Mesh-level collision detection

Extraction sites are post-processed via code specifically developed for efficient spatial registration using mesh surfaces¹²¹. To improve performance during tissue registration, the RUI uses bounding-box collision detection to determine (approximate but fast) intersections at runtime. To optimize accuracy, surface mesh collision detection is used during the enrichment phase to determine exact intersection volumes between a given RUI location and any anatomical structures it intersects with based on mesh-level colliders. The ‘3D Geometry-Based Tissue Block Annotation: Collision Detection between Tissue Blocks and Anatomical Structures’ code is available on GitHub¹²² and the API is deployed to AWS¹²³.

HRAlit

The HRA DOs from the sixth release (for 4,499 anatomical structures, 1,295 cell types and 2,098 biomarkers) were linked to 7,103,180 publications, which are associated with 583,117 authors, 896,680 funded projects and 1,816 experimental datasets³². The resulting HRAlit database represents 21,704,001 records as a network with 8,694,233 nodes and 14,096,735 links. It has been mined to identify leading experts, major papers, funding trends or alignment with existing ontologies in support of systematic HRA construction and usage. All data and code are at https://github.com/cns-iu/hra-literature.

HRApop

HRApop provides experimental data evidence for the existence of specific cell types and mean biomarker expression values for datasets and anatomical structures for which 3D reference models exist. In the sixth release of the HRA, there are 1,192 anatomical structures of 516 types (unique Uberon IDs) for 65 organs (including male/female and left/right).

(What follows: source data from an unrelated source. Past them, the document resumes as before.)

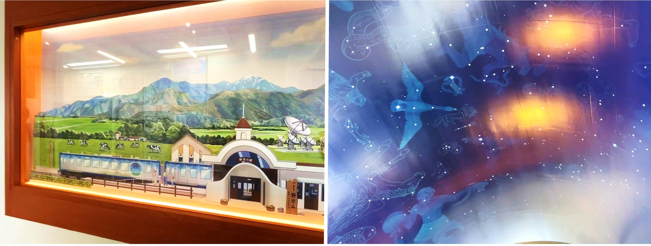 An artwork of JR Nobeyama Station (left) and the roof depicting the different constellations (right). (Image credit: Japanmase)
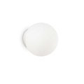 - Klosz w kształcie kuli w wydmuchiwanym i trawionym białym szkle. Wykończenia chromowe.
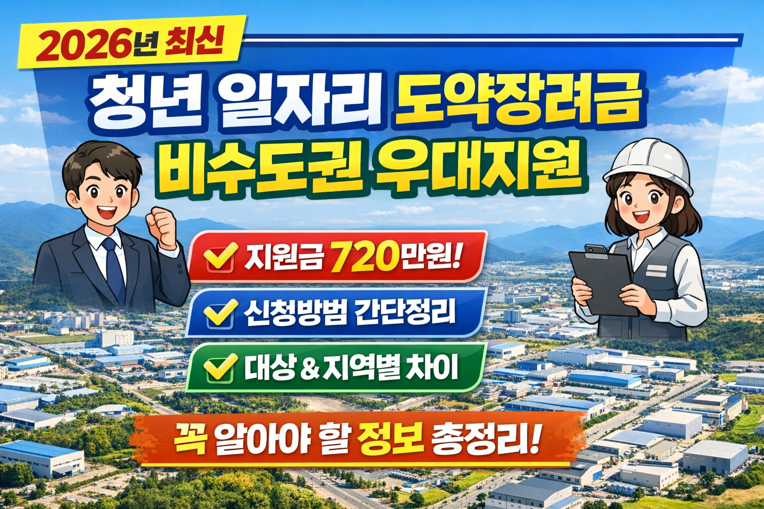 청년 취업과 지역 기업의 인력난 문제를 동시에 해결하기 위한 정책으로 2026년부터 ‘청년 일자리 도약장려금 비수도권 우대지원’이 시행됩니다. 특히 비수도권 지역에 취업하는 청년과 기업을 대상으로 지원금을 확대하여 최대 720만 원까지 받을 수 있는 것이 핵심입니다. 단순히 취업 지원이 아닌 ‘지역 정착’까지 고려한 정책이라는 점에서 많은 분들이 관심을 가지셔야 하는 제도입니다.

There are three criteria that experimental datasets have to meet to be used in HRApop construction: they must (1) be spatially registered using the RUI; (2) have cell type population data (for example, an H5AD file that can be annotated via CTann tools (Supplementary Table 1) or via proteomics workflows); (3) come from a data portal with quality assurance/quality control or have been published in a peer-reviewed paper.

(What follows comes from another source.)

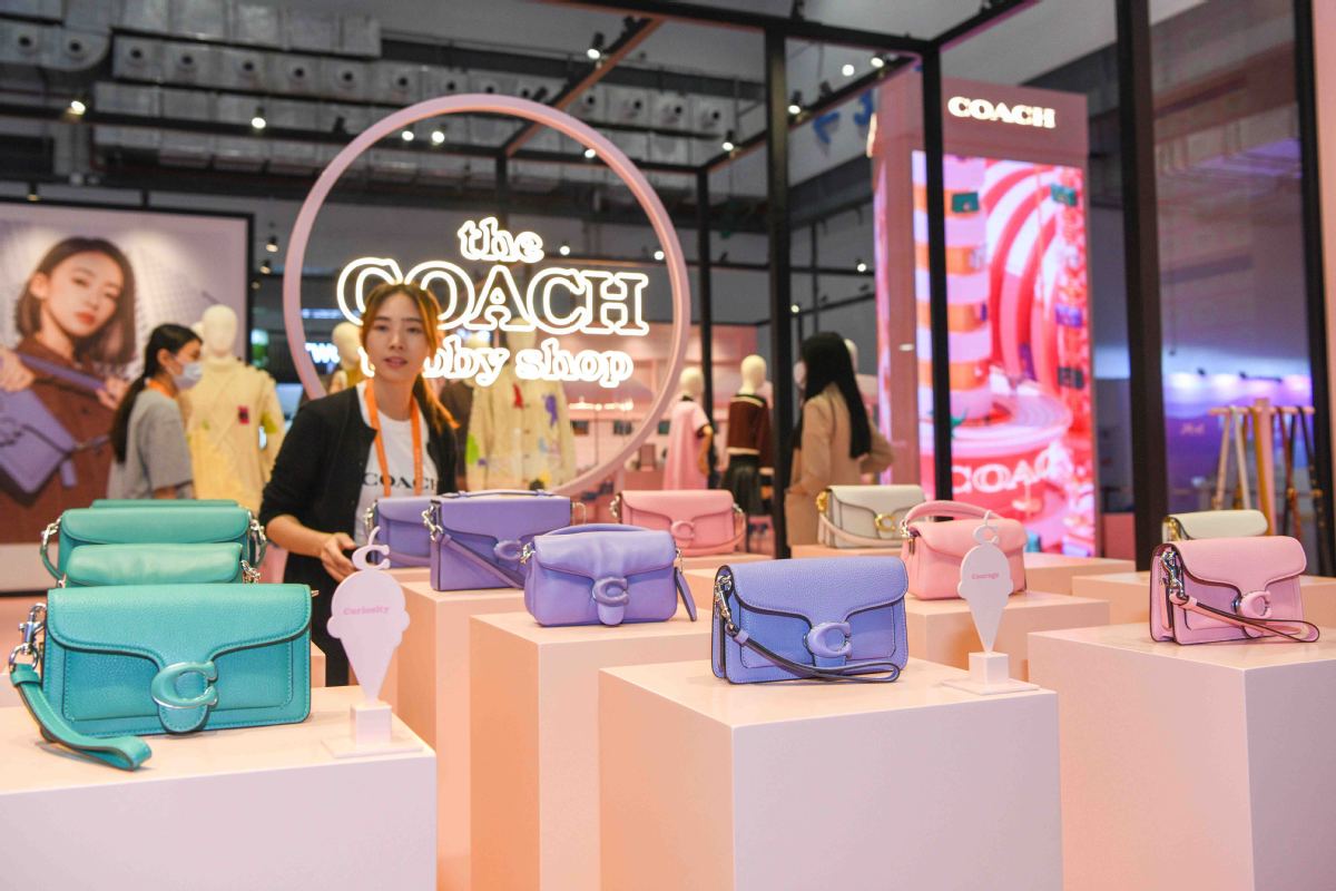 Una empleada organiza exhibiciones en el área de Coach durante la Exposición Internacional de Productos de Consumo de China en Haikou, provincia de Hainan, 10 de abril del 2023. (Foto: Su Bikun/ China Daily)

To construct HRApop v.0.10.2, we downloaded 9,613 H5AD single-cell transcriptomics datasets from four data portals: HuBMAP, SenNet, CZ CELLxGENE and GTEx. Exactly 5,118 H5AD datasets were healthy and could be annotated using Azimuth, CellTypist or popV (Supplementary Table 1). In addition, we downloaded 74 single-cell proteomics datasets from HuBMAP published in two papers^69,120). In sum, 553 datasets (479 sc/snRNA-seq transcriptomics and 74 spatial proteomics datasets) satisfied the three criteria and were used for HRApop construction.

The resulting HRApop v.0.10.2 was validated and optimized by making predictions for datasets for which both an RUI-registered extraction site and a cell type population exist. It was then used to predict cell type annotation or spatial origin for 2,004 HuBMAP, 166 SenNet and 4,789 CZ CELLxGENE datasets for which this information was missing.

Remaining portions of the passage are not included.